Industrial Dwellings Society (IDS) has teamed up with the L&Q Foundation, in partnership with other members of the BME London Development Group, to help kick-start a £100 million initiative aimed at delivering hundreds of new affordable homes in London.
The 1,500-home housing association, which works with Jewish and wider communities in London, is one of nine black and minority ethnic housing associations to join the L&Q Foundation and the Greater London Authority (GLA) in the ground-breaking strategic partnership, which will unlock small sites across the capital and deliver around 300 homes a year. Earlier this year, IDS launched plans to deliver 500 homes within the next 10 years, some of which it plans to develop through the new partnership.
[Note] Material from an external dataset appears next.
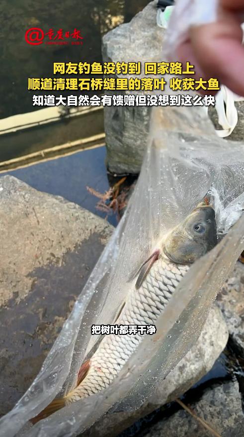 “这就是命!”云南,一女子去河边钓鱼,结果一条都没钓到,正准备空军回家时,看到石桥缝被堵住,就想着顺手清理一下,没成想却意外发现一条大鱼,直接喜滋滋的带回家了。鱼:活了这么久第一次遇上没有职业道德的钓友。 据重庆日报11月27日报道,这位大姐平时就爱钓个鱼,那天看着天气不错,就收拾好家伙事儿去了常去的小河边。 选位置、打窝、调漂、挂饵,一套动作行云流水,就等着鱼儿上钩了,可怪就怪在这儿,一下午过去,那浮漂就像是被焊在了水面上,别说大鱼了,连个小杂鱼过来捣乱的都没有。 眼看着太阳慢慢下山,大姐心里那个郁闷劲儿就别提了,心想今天算是“空军”了,啥也没捞着,收拾东西准备回家,她走到一座用石头搭起来的小桥上。 这桥平时人来人往的,她也没太在意,可今天她一眼就瞅见不对劲,上游飘下来的枯枝烂叶,把桥洞给堵得严严实实,河水都漫上桥面了。 大姐心想,这堵着也不是个事儿啊,万一下大雨水过不去,把桥冲了咋办?反正闲着也是闲着,干脆帮着疏通一下吧。 说干就干,她也没嫌脏,找了根粗点的树枝,就开始在桥洞里捅捅咕咕,把那些堵塞的垃圾一点点往外扒拉。 清理了好一会儿,水流渐渐顺畅了,就在她准备直起身子歇会儿的时候,眼神无意间往一个石头缝里一瞟,嘿!这一看可把她给乐坏了。 只见一个黑乎乎的大东西卡在石头缝里,仔细一瞅,竟然是一条肥硕的大鱼!那条鱼也不知道是被水流冲进来的,还是自己游进去被卡住了,反正是一动不动地挤在那儿。 这可真是天上掉馅饼的好事,钓鱼没钓着,回家路上捡了一条!大姐赶紧扔了手里的树枝,伸手就去抓。 可那鱼滑溜溜的,加上石头缝又窄,试了好几次都没弄出来,最后她急中生智,又找来那根棍子,连捅带撬,费了九牛二虎之力,才终于把这条大鱼给“解救”了出来。 拎在手里沉甸甸的,少说也得有几斤重。刚才钓不着鱼的郁闷心情瞬间一扫而空,取而代之的是满满的惊喜和开心。 她自己都乐了,感叹说:“虽然一条鱼都没钓上来,但咱清理了河道,这河道就给了我一个大大的回馈!” 这事儿发到网上,一下子就热闹起来了,好多网友都觉得这事儿特别有意思,有个网友开玩笑说:“这鱼不算数!不是钓上来的,得放回去,钓鱼人要有自己的原则和素养!” 当然了,这都是大家善意的调侃,更多的人是被大姐这个无心之举给打动了。 有人说:“这哪是运气好,这就是做了好事得到的回报,比自己辛辛苦苦钓上来的鱼吃着更香!” 还有个钓友分享自己的经历,说他上次在河边钓鱼,顺手把别人扔的一袋垃圾给捡走了,结果第二天就在同一个地方钓到了一条五斤重的大草鱼。 他说从那以后,他就信了,你对大自然好,大自然真的会给你惊喜,其实仔细想想,这事儿真的不只是运气那么简单。 大姐一开始钓不着鱼,心情肯定不好,换做别人,可能早就气冲冲地回家了,哪还有心思去管桥洞堵不堵?可她没有,她虽然郁闷,但看到问题还是愿意顺手解决。 正是这份不计较、不麻烦的善意,才让她有机会发现那条被困的鱼,如果她当时嫌脏怕累,绕道走了,那这条鱼可能就永远卡在石头缝里,她也错过了这份“大自然的馈赠”。 我们生活中,不也经常遇到这样的事吗?有时候你削尖了脑袋想去达成一个目标,拼了命地努力,结果却总是差那么一点意思。 反倒是一些不经意间做的小事,一些没想着要回报的付出,却在某个意想不到的时刻,给了你一个大大的惊喜。 这就像种地一样,你只管耕耘、浇水、施肥,至于什么时候结果,结多大的果,有时候真的不是你能完全控制的,这位大姐的行为,其实也体现了一种对自然的敬畏。 现在很多钓鱼的地方,岸边都是垃圾成堆,塑料袋、饵料袋扔得到处都是,而真正热爱自然、懂得感恩的人,会像大姐一样,顺手维护身边的环境。 他们知道,你爱护这条河,这条河才会用清澈的河水和肥美的鱼儿来回报你,所以说,这哪里是什么“天上掉馅饼”,这分明就是“好心有好报”最生动的写照。 它告诉我们一个最朴素的道理:做人做事,但行好事,莫问前程,你只管做一个善良、勤快的人,那些你应得的好运和福气,说不定就在哪个拐角,等着给你一个惊喜呢! 信源:重庆日报2025-11-27——网友钓鱼没钓到 回家路上 顺道清理石桥缝里的落叶 收获大鱼 知道大自然会有馈赠但没想到这么快

The organisation commissioned a report by the Institute for Jewish Policy Research to examine housing need amongst Jewish communities in the capital, in order to help ensure it delivers homes where they are most needed. Entering into this strategic partnership with the L&Q Foundation and the GLA will help IDS to achieve greater economies of scale, ensure better risk management and achieve better value for money when delivering these homes. Grant funding from the GLA means that all of the homes delivered through the initiative will be genuinely affordable.
L&Q, a charitable housing association which owns more 95,000 homes in London and the South East, will be creating a specialist team to procure land and develop homes on behalf of IDS and the other partner organisations. The initiative will be funded through L&Q Foundation, which has a capital fund of £100m to invest in charitable activities that help L&Q achieve its social objectives. The other housing association partners involved in the initiative are Inquilab HA, Westway HA, Tamil HA, Imani Co-op, North London Muslim HA, Odu Dua HA, Ekaya HA and Shian HA.
Suzanne Wolfe, Chief Executive of Industrial Dwellings Society, said: “IDS is pleased to be part of this ground-breaking partnership, which will enable us to get on with delivering genuinely affordable homes to Jewish and wider communities in London. “This is a pioneering initiative, in which the GLA, a large housing association, and small, specialist organisations will be working together to deliver the homes communities across London desperately need.” Waqar Ahmed, Group Director of Finance at L&Q, said: “As part of L&Q’s ambition to build 100,000 quality new homes over ten years, we want to enable small and medium-sized organisations to deliver homes that wouldn’t otherwise be built.
“Through this exciting new partnership, we can now support smaller associations to increase their stock of high quality, social housing, by leveraging L&Q’s capacity and expertise.”
Notes to editors
- Industrial Dwellings Society (IDS) is one of the UK’s oldest housing associations, with a history that stretches back nearly 150 years.
- Founded in the late 19th Century, IDS was born out of a need to tackle badly overcrowded and insanitary housing conditions in the capital.
- Our first tenants were exclusively Jewish migrants – from Europe and beyond –fleeing persecution abroad.
- Whilst our history and heritage is important to us, today we provide homes and services to a far wider community.
- Today, we own and manage over 1,500 homes across London, working in areas of greatest housing need.
- We have an ambitious plan to continue our growth to support the communities we serve. Over the next 10 years, we will invest in new affordable homes and services across London.
- As a charitable housing association, our role goes beyond providing homes and housing services. We are a long-term partner in the neighbourhoods and communities where we work.
- We hope to build aspiration, opportunity and confidence among residents – by providing homes that cater to the needs of our residents and communities at a time of acute housing need.